In Steven Spielbergs Filmversion von War of the Worlds überfallen Außerirdische die Erde. Bei ihrem Angriff steuern die Aliens riesige, dreifüßige Kampfmaschinen, die die panischen Erdenbewohner mit futuristischen Strahlenkanonen zu Staub pulverisieren. Im Laufe des Filmes stellt sich heraus, dass die außerirdischen Invasoren die Vernichtung der Menschheit weniger aus Mordlust, denn aus ökonomischen Erwägungen heraus betrieben haben. Der Massenmord ist in der Grammatik der Aliens nicht mehr als ein Ernteprozess, die dreibeinigen Kampfmaschinen fungieren folglich als Ernte-Roboter. Diese fangen die Menschen zunächst in einem großen Käfig auf (zuvor werden sie „gepflückt“), dann in einer Art „Entsafter“ zerkleinert und deren blutigen Überreste anschließend überall auf dem Boden zerstreut. Auf dem mit Menschenblut gedüngten Boden wachsen nun fremdartige Pflanzen.
Diese
Szene weist frappierende Parallelen zu einem philosophischen Gedankenexperiment auf, das der Autor und Philosoph Richard David Precht
im Rahmen der Tierethik-Debatte entwickelte. In diesem Szenario landen ebenfalls
hoch-technologisierte, uns überlegene Außerirdische auf der Erde.

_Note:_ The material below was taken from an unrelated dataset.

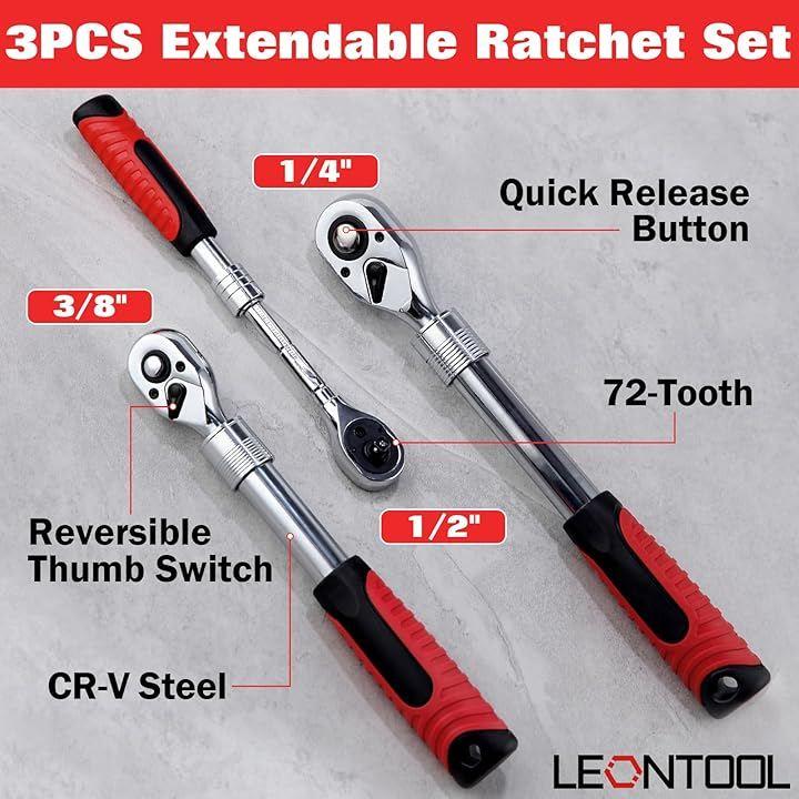 LEONTOOLのこの伸縮式ラチェットセットは、あらゆるメカニックのツールボックスに最適です。
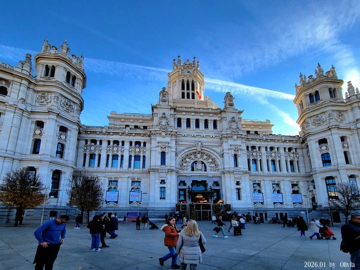▲西貝萊斯廣場的東南角,是西班牙郵電總局(Correos y Telégrafos)舊總部通訊宮(Palacio de Comunicaciones),自2007年起馬德里市長辦公室入駐。(本文棕色字皆取自維基) 西貝萊斯廣場非常漂亮,所以我對西班牙的第一印象非常好。但還是得先安頓好行李再輕裝出來亂逛較適合。

Sie versklaven die Menschen, um sie als Nutztiere produktiv zu
machen, veranstalten zu medizinischen Zwecken Experimente mit ihnen
und verspeisen sie schließlich aus kulinarischen Gründen. Die
Menschen sind darüber verständlicherweise wenig glücklich und
bitten die Außerirdischen darum, darauf zu verzichten, ihre
Artgenossen zu verspeisen. Diese aber erwidern, dass sie das gleiche
Verhalten bei den Menschen und ihrem Umgang mit anderen, unterlegenen
Spezies beobachtet hätten und rechtfertigen damit ihr eigenes
Handeln. Kants kategorischer Imperativ schlägt voll ein, denn den
Menschen entziehen sie damit jede Argumentationsgrundlage für das
eigene Existenzrecht.
Auf einem
Fischerboot irgendwo im Nord-Atlantik strömt derweil durch ein Loch
an der Seite des Bugs ein ununterbrochener Blutstrahl ins Meer. Das
Blut stammt von tausenden Fischen, die das Fischerboot mit
Schleppnetzen tagtäglich aus dem Meer zieht. Die überlegene,
außerirdische Spezies ist hier der Mensch, der mit hoch-effektiven
Maschinen versucht eine maximale „Ernte“ zu erzielen. Die Szene
entstammt der experimentellen Dokumentation Leviathan. Sie
erzählt von... ja, wovon erzählt sie eigentlich?
Perspektivenwechsel
Wo
Spielberg die Menschenernte seinerzeit ganz selbstverständlich aus
der Perspektive der Menschen inszenierte, um so das grausame
Schicksal der Erdenbewohner auch maximal emotional fruchtbar zu
machen, versucht Leviathan in der Darstellung der
industrialisierten Schleppnetz-Fischerei eine solche Perspektive
nicht nur zu vermeiden, sondern in den perspektivischen
Entscheidungen selbst einen theoretischen Standpunkt auszudrücken.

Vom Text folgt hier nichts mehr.